A valid counter would be that Moore’s Law is naturally driving down inference costs overtime, hence the “make it up on volume later” meme. While this is true that there’s about a 3x reduction per year in physical compute required to hit a given performance target, it’s also true that training costs for frontier models are rising by a similar rate at 3.1x per year. So if you want last year’s model, that will be cheaper, but if you want the latest and greatest, you’re still going to have to pay.
In short, the current economics of AI inference are concerningly unstable, and businesses should be strategic in navigating that when building products that use external models.
Recommendations
To recap, the path to real impact and ROI remains unclear for many businesses under pressure to adopt AI in their products and services. So, what’s a savvy team to do when crafting their strategy? Two options stand out in contrast to the model-centric approach:
Highly optimized token-as-a-service providers like DeepInfra offer a compelling value proposition, by focusing solely on efficient model hosting and serving. By comparing models and hosts on independent leaderboards like Artificial Analysis, businesses can find the best bang for their inference buck.
Model routers like Martian and OpenRouter take this a step further by dynamically allocating queries across multiple models based on cost, speed, and performance. They’re constantly tracking the model tokenomics and quality with insane prompt-specific granularity, which lets customers tap into the best available models for any use case without vendor lock-in.

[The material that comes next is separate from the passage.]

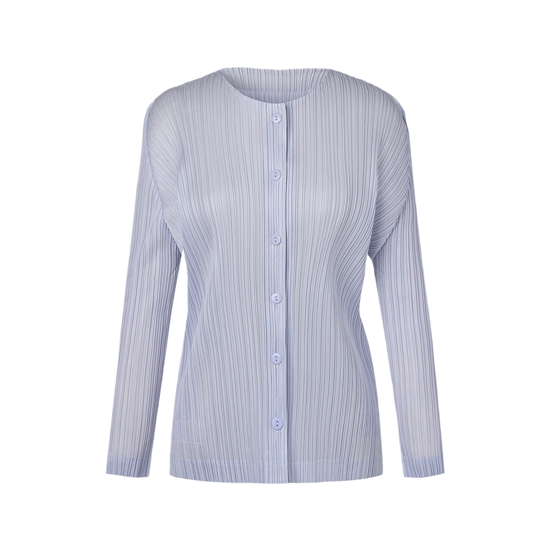 몽플리쎄 여성 라운드넥 라이트 플리츠 가디건 라벤더

Of course, each solution has their tradeoffs, which we’ll dive into next week with a tactical breakdown in part 2. We’ll explore, model routing, fine-tuning, leaderboarding, and more practical takeaways for AI strategies. Until then, I’d recommend reading Cerebral Valley’s deep dive with the Martian team to get familiar with what they’re up to.
But for now, the key takeaways are this: the model is not the product, and the businesses that will thrive are those that match the right model to the right job at the best price.